PUBLISHED: 13:01 18 September 2017

Protesters at a march to save King George Hospital's A&E in March. Picture: Catherine Davison

Protesters at a march to save King George Hospital's A&E in March. Picture: Catherine Davison

Catherine Davison

Plans to close the A&E service at King George Hospital will leave only one emergency unit for the borough, Barking and Dagenham council has warned.

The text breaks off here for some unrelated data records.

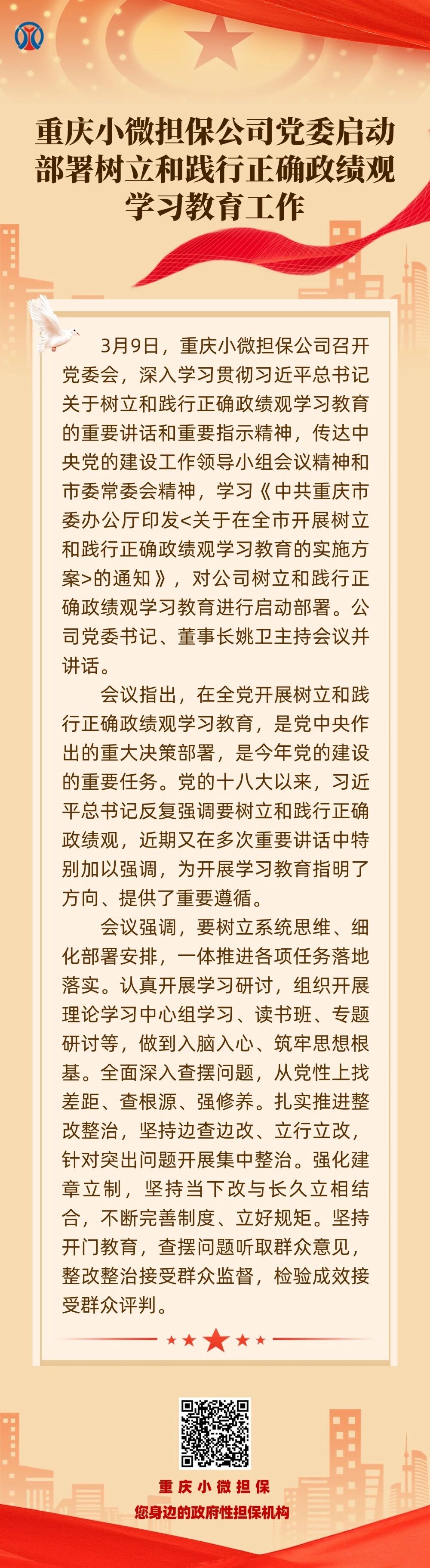 重庆小微担保公司:党委启动部署树立和践行正确政绩观学习教育工作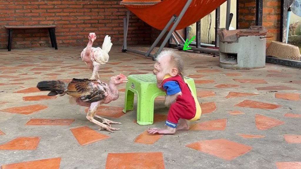 Little Chamroeun was enjoying his food peacefully. Small bites. Happy sounds. “Eee…” Everything was calm— Until suddenly— A chicken came too close! It moved toward…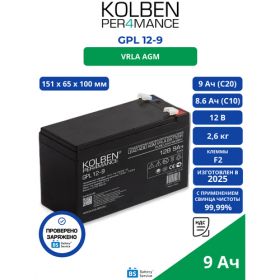 Найти - Аккумулятор KOLBEN PER4MANCE GPL 12-9 12В 9Ач 151x65x100 мм

While the close the Barley Lane, Goodmayes hospital’s A&E is set to be downgraded to an urgent care centre in two years, health minister Jeremy Hunt has said the decision is being reviewed to “ensure the proposals are still appropriate”.

Cllr Maureen Worby called on Mr Hunt to scrap the plans.

The cabinet member for social care and health integration said: “While we welcome the decision of the health secretary to review the proposed closure, as one of London’s most rapidly growing boroughs we need more facilities not less.

“That is why we are saying there is really only one option that to be made – this vital accident and emergency department must remain open.”

Mayor of London Sadiq Khan called for greater powers to shape the capital’s health service on Monday, after a report cast doubt on “the emphasis on competition” in the NHS.

The joint report by the King’s Fund and Nuffield Trust proposed more city-wide leadership to improve the five NHS Sustainability and transformation plans.

Closing the hospital’s emergency unit would leave Queen’s Hospital in Romford as the sole provider of A&E services for the borough, the council says.

The next closest unit would be Waltham Forest’s Whipps Cross University Hospital.

According to BHR Partnership, the body representing health and social care groups in Barking and Dagenham, Havering and Redbridge, more than 100,000 additional people are estimated to live in the area by 2025.

Cllr Worby said the health secretary should “drop all plans” and that councillors would support their Redbridge counterparts’ campaign against the closure.

“Even though Queen’s Hospital is slowly improving, there’s a long way to go – and with a growing population there is no real prospect that the local area can do without King George A&E into the future,” she added.

A spokeswoman for the Department of Health said that no comment would be made until a final decision is reached.

The health secretary claimed the hospital’s A&E “will not close in the foreseeable future” in May.